Data excerpts
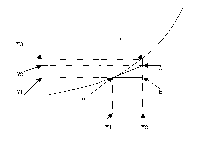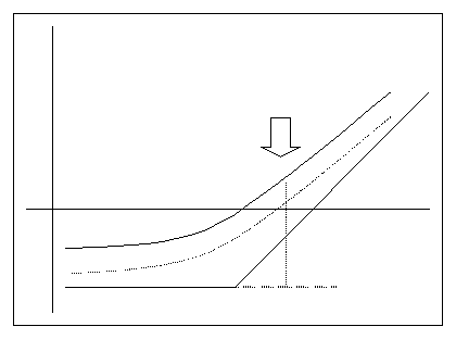 図5の例では、X1(100万円)からX2(110万円)へスポット価格が上昇、オプション価格はY1(30万円)からY3(38万円)まで上昇した。一方、デルタ・ポジションは、0.5単位売りもちにしているので、10万円のスポット上昇に対して5万円の損失が出る。オプション価格からは8万円の利益、デルタ・ポジションから5万円の損失であるから、差し引き3万円の利益が出る。これが図5ではCDで表される誤差である。もし、X1とX2の距離が充分に小さければ、誤差も小さくなることは図からも読み取れるであろう。なぜ誤差が生まれるか、どの程度の誤差が生まれるかを表したものがガンマ(デルタをさらにスポットで編微分した係数)である。ガンマについては、本稿では触れない。
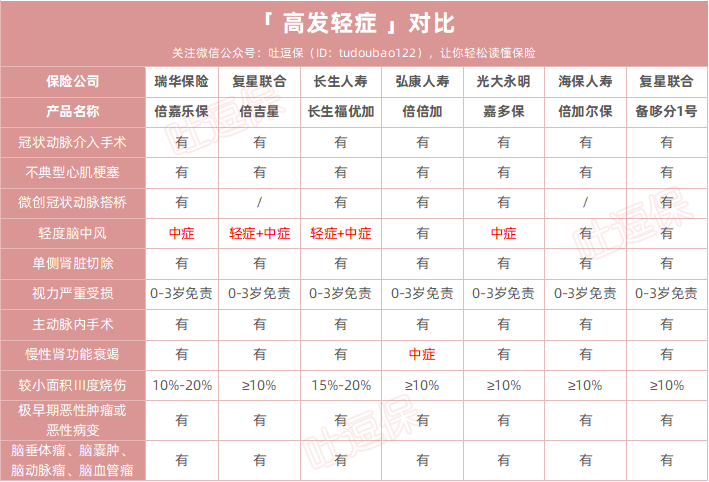 此外倍嘉乐保对高发轻症的覆盖也很全面,而且对脑中风定义为中症,赔付的保额更高:
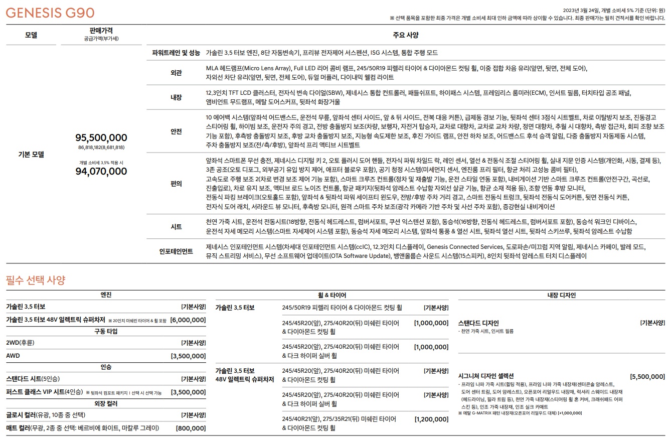 제네시스 g90 가격 정리해보도록 하겠습니다. 제네시스 g90은 제네시스의 플래그십 모델이자 후륜구동 기반의 대형 세단이다. 한국 대통령의 공식 의전차이기도 하다. 제네시스는 G90 풀체인지의 코드네임을 RS4(4세대 모델)로 공식 규정하고 G90을 에쿠스 계통을 잇는 모델로 규정했다.
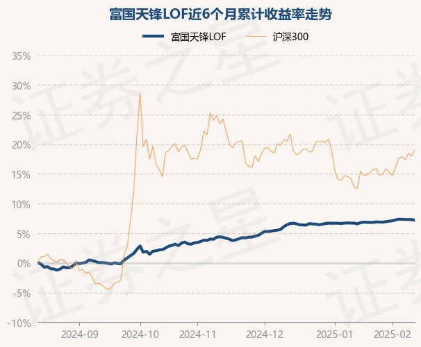证券之星消息,2月14日,富国天锋LOF最新单位净值为1.1609元,累计净值为1.7404元,较前一交易日下跌0.11%。历史数据显示该基金近1个月上涨0.39%,近3个月上涨2.93%,近6个月上涨7.17%,近1年上涨7.13%。该基金近6个月的累计收益率走势如下图:
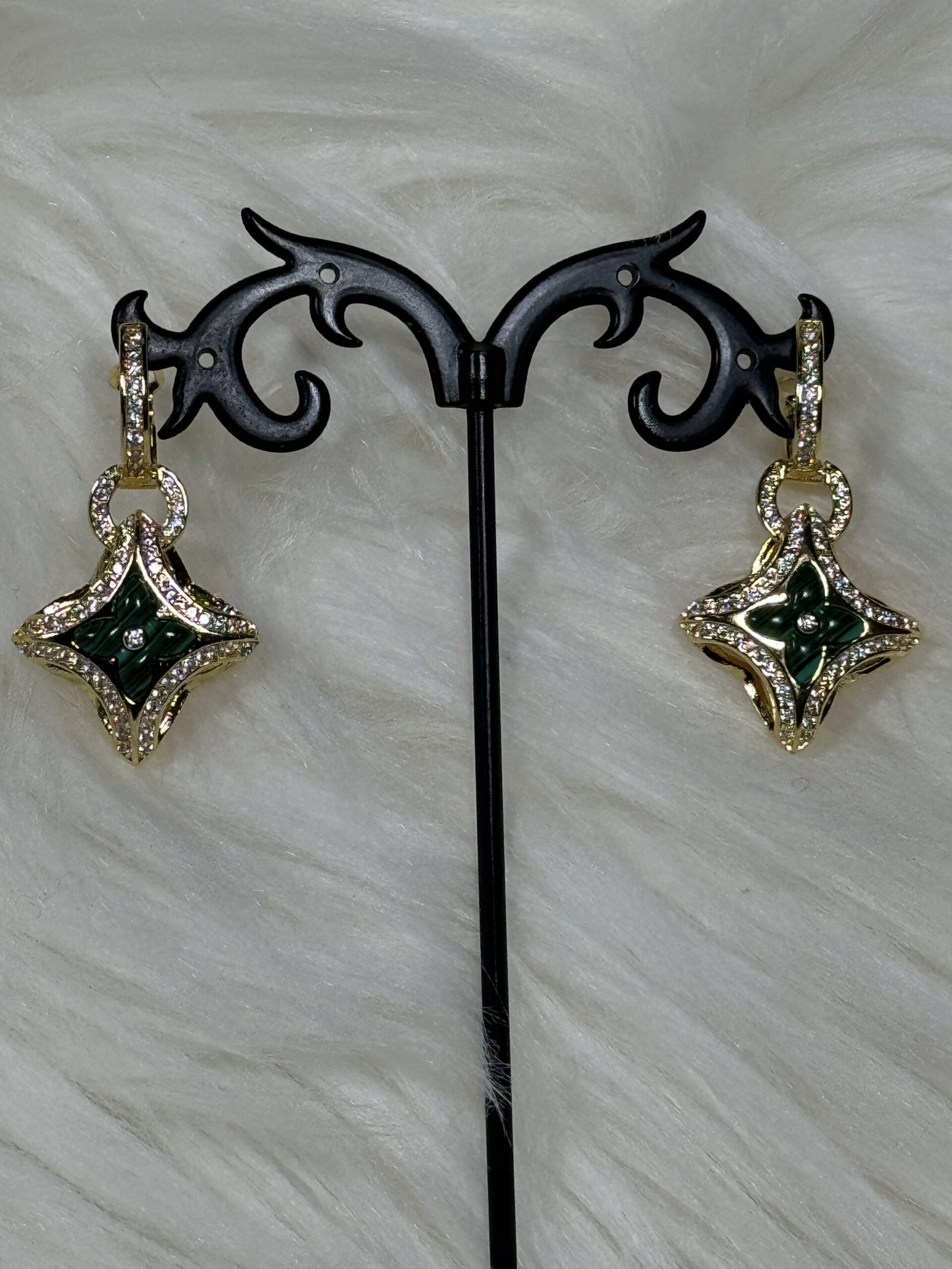 Introducing the stunning Louis Vuitton dropping earrings, exquisitely designed to elevate your sense of style. Featuring a radiant green star pendant beautifully accented with golden linings, these earrings are a perfect blend of sophistication and charm. Whether you’re heading to a formal event or adding a touch of chic luxury to your daily attire, this accessory complements any look with grace and elegance.
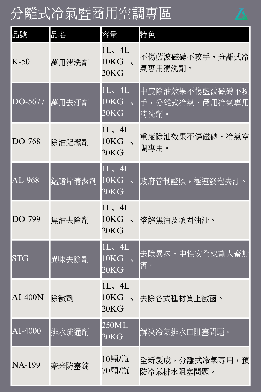 提供1L、4L、10KG、20KG 等多種包裝規格,滿足工程現場、保養合約與大量使用需求,為冷氣工程業者與清潔公司提升作業效率、降低維修風險。
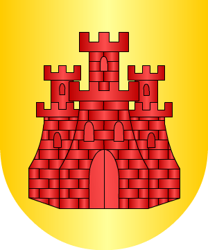 escudo partido: 2º, de plata, con el castillo de gules, y 2º, de plata
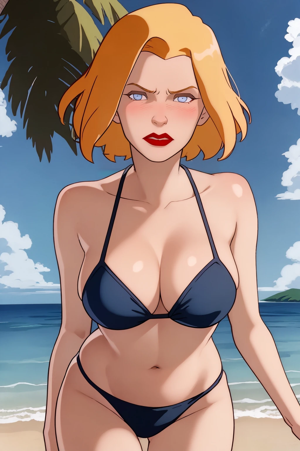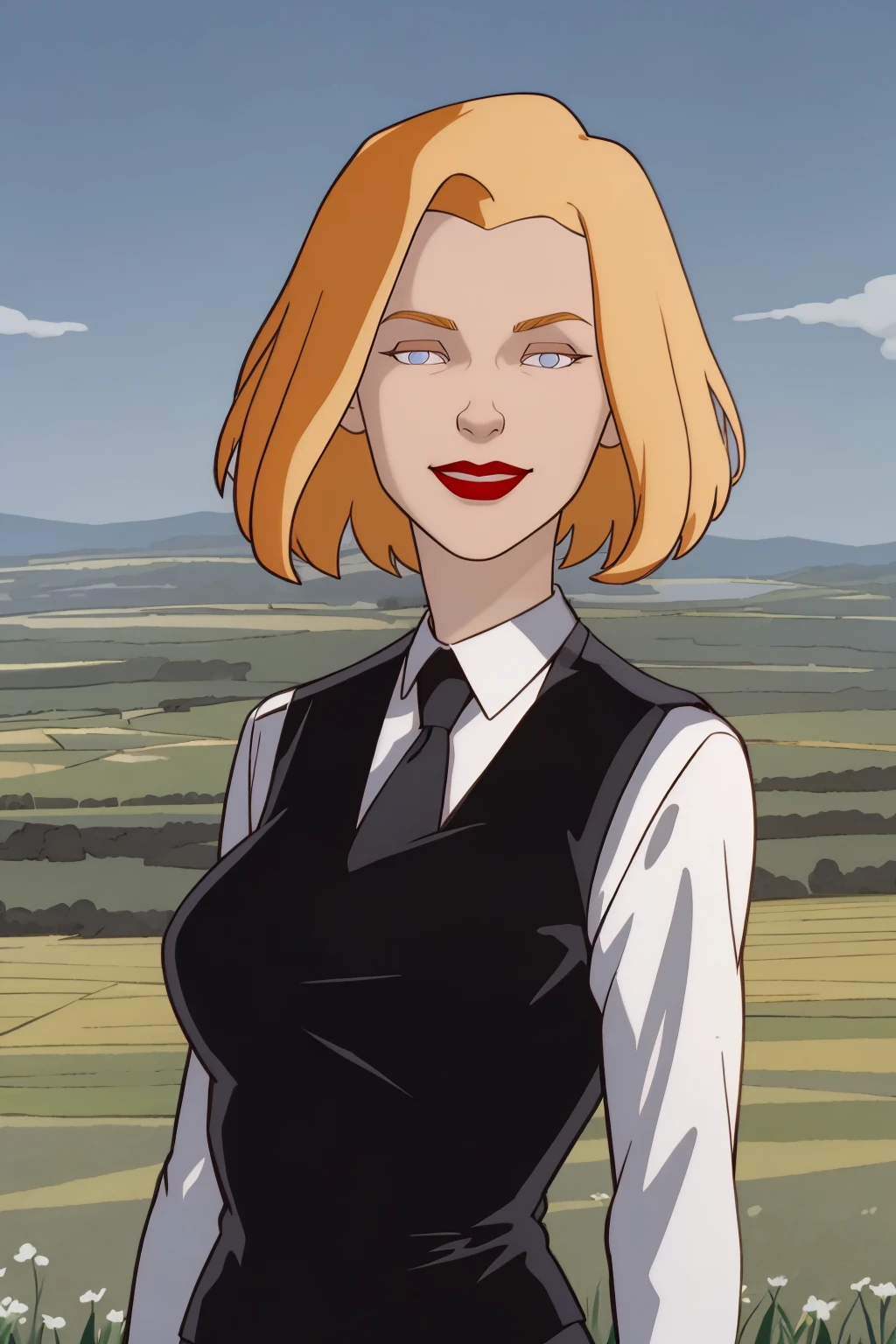 Basic prompts : 1girl, blonde hair, short hair, blue eyes, red lips, makeup
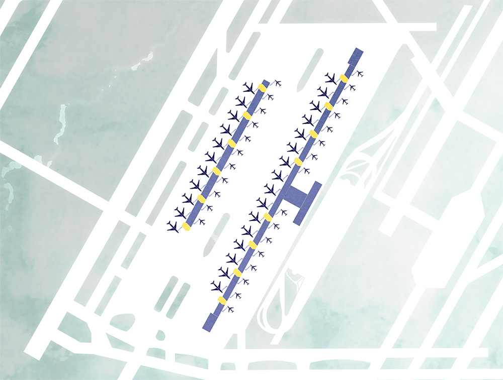 Thus they established the first BRÜCKENSTADT, or Bridge City. Originally the project name from the German engineers, the moniker referred to the bridges - fit smoothly onto the linear halls of airports - that would be iconic to these settlements. In them industry developed, on them residents could enjoy public space and services, and on legal grounds, the innovation gave residents living space while never stepping foot on national ground.
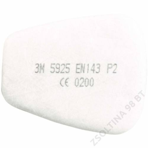 3M 5925 P2 RÉSZECSKESZŰRŐ 80 DB/KRT * 3M részecskeszűrő betétek a 3M teljes illetve félálarcokhoz * 3M_5911: P1R előszűrő, 3M_5925: P2R előszűrő, 3M_5935: P3R előszűrő * 3M_501: adapter 5000-es sorozatú előszűrők gázszűrőhöz rögzítésére
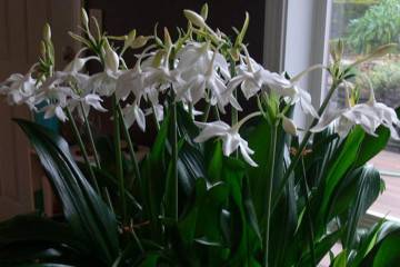 The green stem comes from the bulbs and points straight up. It usually has a varied number of leaves. Platinum plates are arranged in a spiral manner. In the corner of the last leaf from below, a bud is formed, which grows, turning into a new bulb that can bloom in a year. Thus, natural reproduction occurs.
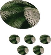 Sous- Sous-verres pour verres - Ronds - Feuilles de palmier - Été - Tropical - 10x10 cm - Sous-verres en verre - 6 pièces
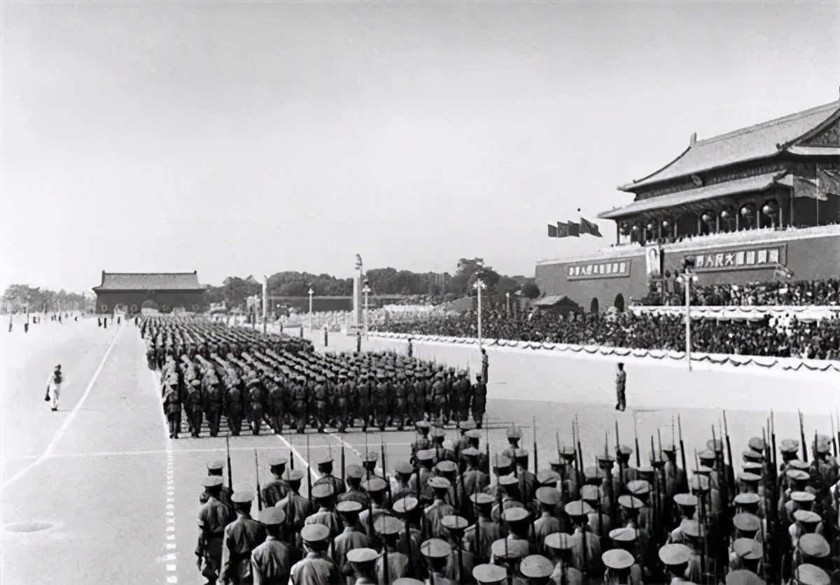 1950年,建国一周年国庆阅兵。阅兵方阵通过天安门前,当时长安左门、长安右门还存在
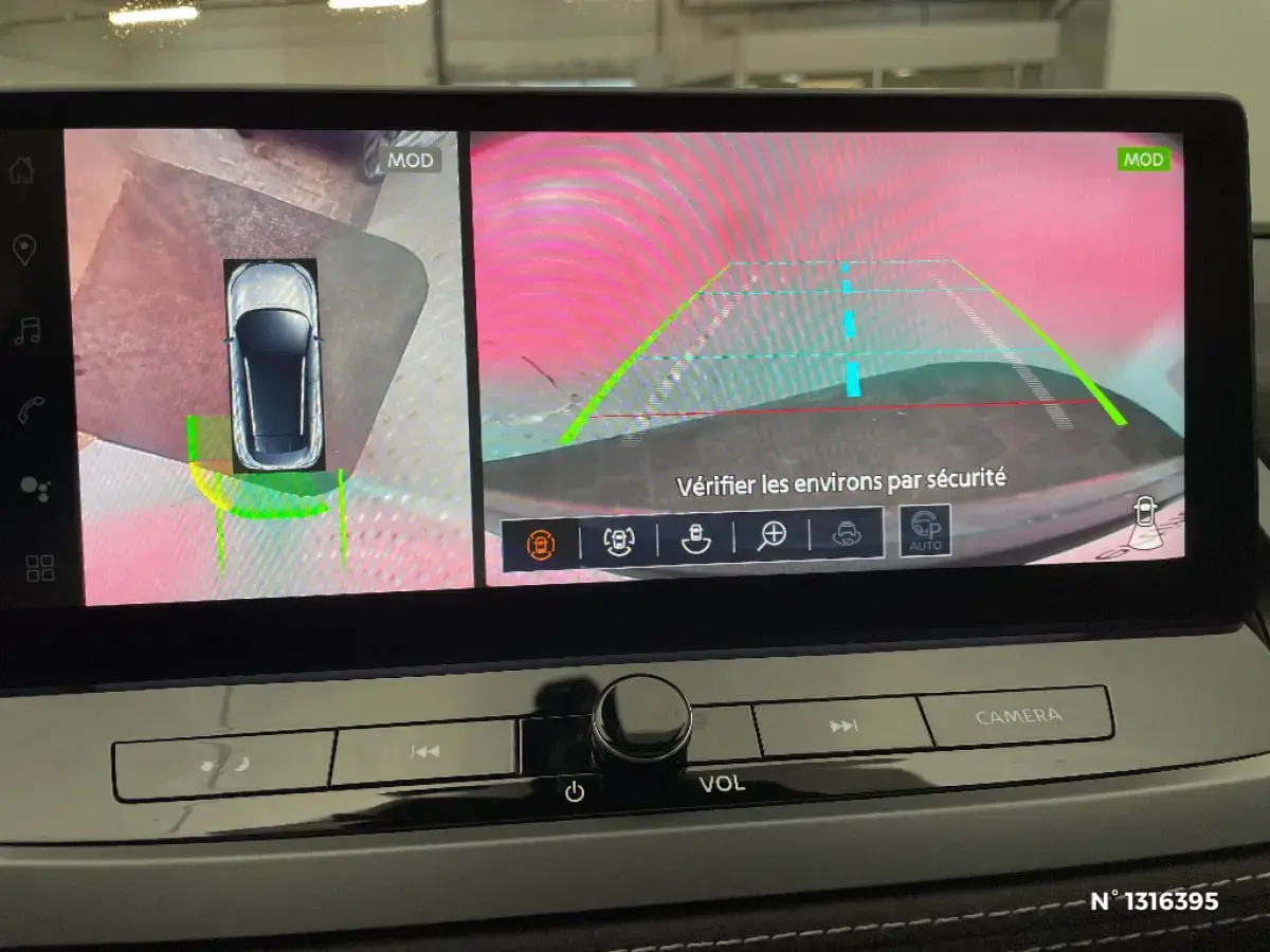 - Nissan AVM 3D - Vision Intelligente à 360° : système d'aide au stationnement qui facilite les manoeuvres de stationnement en vous offrant une vision à 360° : Caméra AR avec repères de gabarit, Caméra AV, Caméras latérales situées dans les rétroviseurs extérieurs, Radars 360°, Fonction ''capot transparent'', Mémorisation stationnement régulier et intersections

-- What to do --
Output exactly the lines above, from the line with "提供1L、4L、10KG、2" to the line with "3M 5925 P2 RÉSZECSKESZŰRŐ", both included; skip the pictures.

-- Completed task --
 提供1L、4L、10KG、20KG 等多種包裝規格,滿足工程現場、保養合約與大量使用需求,為冷氣工程業者與清潔公司提升作業效率、降低維修風險。
 escudo partido: 2º, de plata, con el castillo de gules, y 2º, de plata
 Basic prompts : 1girl, blonde hair, short hair, blue eyes, red lips, makeup
 Thus they established the first BRÜCKENSTADT, or Bridge City. Originally the project name from the German engineers, the moniker referred to the bridges - fit smoothly onto the linear halls of airports - that would be iconic to these settlements. In them industry developed, on them residents could enjoy public space and services, and on legal grounds, the innovation gave residents living space while never stepping foot on national ground.
 3M 5925 P2 RÉSZECSKESZŰRŐ 80 DB/KRT * 3M részecskeszűrő betétek a 3M teljes illetve félálarcokhoz * 3M_5911: P1R előszűrő, 3M_5925: P2R előszűrő, 3M_5935: P3R előszűrő * 3M_501: adapter 5000-es sorozatú előszűrők gázszűrőhöz rögzítésére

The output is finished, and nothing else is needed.